Some researchers have blamed the National Rifle Association, the firearms industry’s powerful lobbying group, for blocking the government’s ability to study guns and gun crimes. For example, a 1996 provision known as the Dickey Amendment effectively barred the Centers for Disease Control from tapping taxpayer funds set aside for injury prevention and control for research that could be used for gun control advocacy. For years, the stipulation severely chilled the C.D.C.’s activity in the field — even after 2013, when President Barack Obama ordered the agency to look into causes of gun violence and strategies to end it.
Gun control advocates believe that the lack of information is a way for the firearms lobby to skirt accountability for gun-related crime.
“The tracking of information in this industry is just not granular enough to be useful for policy discussions,” said David Chipman, a senior policy adviser at Giffords, a gun safety advocacy organization. “Tracking a gun is harder than tracking a package — you know at a high level how many firearms are manufactured, but you don’t know where they went from there.”
The end result is an industry that sees its numbers recorded only in broad strokes, and fewer of those strokes in each step of the way from manufacturer to retailer to buyer to second owner.
Private makers, private figures.
American gun manufacturers produce millions of firearms annually — nearly 9.4 million in 2015, according to the Bureau of Alcohol, Tobacco, Firearms and Explosives. Nearly 3.7 million of those were rifles, including AR-15-style semiautomatic rifles like those used in several mass shootings.
Only a few of the thousands of licensed firearms manufacturers in the country are publicly owned and must disclose sales figures to investors. Those include American Outdoor Brands Corporation, formerly known as Smith & Wesson Holding Corporation, which has reported declines in firearms sales for the past four quarters but generally does not report specific volumes. On Thursday, the company said that revenue from its firearms segment for the third quarter slumped 40.6 percent from last year to $117.6 million, compared with a 13.4 percent upswing in its outdoor products division.
Sturm Ruger, another public company, cut its production levels by 24 percent last year and also laid off 28 percent of its employees, according to Wedbush analysts. Other investor-owned businesses include Vista Outdoor and Olin, which both make ammunition.

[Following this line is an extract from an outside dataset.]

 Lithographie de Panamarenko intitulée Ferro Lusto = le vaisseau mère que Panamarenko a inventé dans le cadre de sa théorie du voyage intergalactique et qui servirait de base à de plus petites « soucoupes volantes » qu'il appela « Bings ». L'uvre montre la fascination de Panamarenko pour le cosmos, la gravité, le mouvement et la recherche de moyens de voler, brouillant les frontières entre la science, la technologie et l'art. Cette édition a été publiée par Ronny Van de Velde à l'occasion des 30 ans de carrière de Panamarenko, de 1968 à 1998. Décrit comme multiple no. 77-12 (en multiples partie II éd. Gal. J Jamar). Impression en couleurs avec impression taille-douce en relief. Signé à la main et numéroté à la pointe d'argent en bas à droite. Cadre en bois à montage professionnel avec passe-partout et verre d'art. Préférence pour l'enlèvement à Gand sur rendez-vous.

A slew of smaller, single-product manufacturers emerged during the Obama administration, experts said. Most make semiautomatic firearms like the AR-15 known by some as assault weapons and by others as modern sport rifles. Few, if any, are eager to share performance metrics with the public.
Data diminishes at each step.
And few gun dealers publicly disclose how many guns they sell. The N.R.A. did not respond to requests for information about sales.

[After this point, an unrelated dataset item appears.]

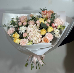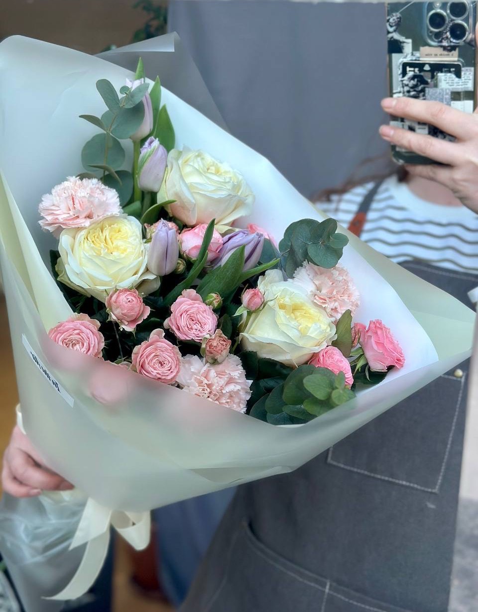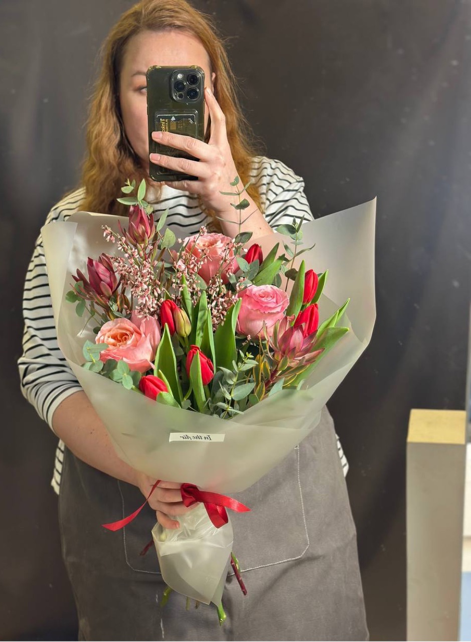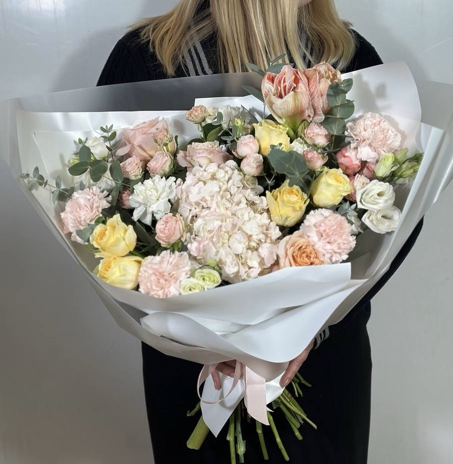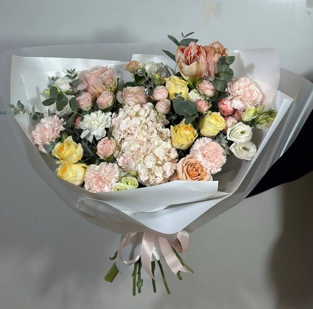 Свежесобранный букет в единственном экземпляре Собираем, фотографируем и сразу выкладываем на сайт. Можно заказать на сегодня завтра или послезавтра. Приедет тот самый букет с фото

Analysts estimate that fewer than a quarter of firearms sales to consumers come from big-box retailers like Walmart and the outdoor and hunting outfitter Cabela’s. At Dick’s Sporting Goods, revenue from hunting products, including rifles, constitute 10 percent or less of annual sales, according to another Wedbush report.
Although Dick’s stores can be found nationwide, it sold assault-style rifles only at its 35 Field & Stream stores and on its websites. Walmart, which had already instituted similar restrictions in 2015, sells firearms at about half of its nearly 4,000 supercenter locations nationwide.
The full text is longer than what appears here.